**Exercise instructions**
In the entries below, begin at the line with "Delicioso strogonoff de" and stop after the line with "5月5日,医护人员在沈北新区新冠疫苗接种方舱准备为市民接种疫苗。"; output those lines exactly and omit the pictures.

**Given entries**
- - -

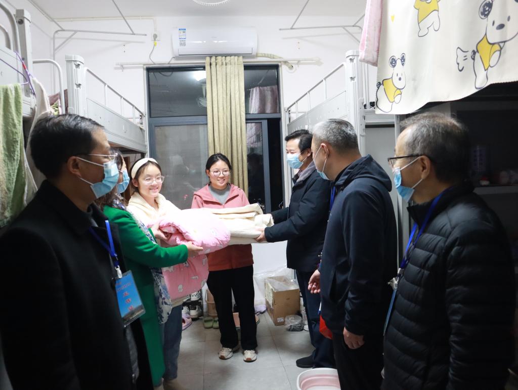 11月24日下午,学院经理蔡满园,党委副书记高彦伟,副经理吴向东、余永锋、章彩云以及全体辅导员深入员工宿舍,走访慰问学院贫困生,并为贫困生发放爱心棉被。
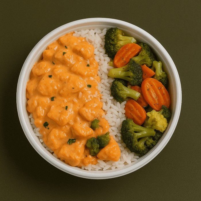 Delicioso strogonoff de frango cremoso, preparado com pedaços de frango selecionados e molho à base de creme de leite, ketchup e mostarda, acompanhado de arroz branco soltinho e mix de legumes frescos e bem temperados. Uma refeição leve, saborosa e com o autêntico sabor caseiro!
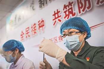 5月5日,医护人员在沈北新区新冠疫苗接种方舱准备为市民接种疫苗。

- - -

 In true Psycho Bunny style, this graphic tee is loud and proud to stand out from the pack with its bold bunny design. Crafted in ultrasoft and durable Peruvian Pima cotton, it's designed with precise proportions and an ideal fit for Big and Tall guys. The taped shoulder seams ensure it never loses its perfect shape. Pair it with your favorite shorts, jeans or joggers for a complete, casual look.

- - -

**Task solution**
 Delicioso strogonoff de frango cremoso, preparado com pedaços de frango selecionados e molho à base de creme de leite, ketchup e mostarda, acompanhado de arroz branco soltinho e mix de legumes frescos e bem temperados. Uma refeição leve, saborosa e com o autêntico sabor caseiro!
 5月5日,医护人员在沈北新区新冠疫苗接种方舱准备为市民接种疫苗。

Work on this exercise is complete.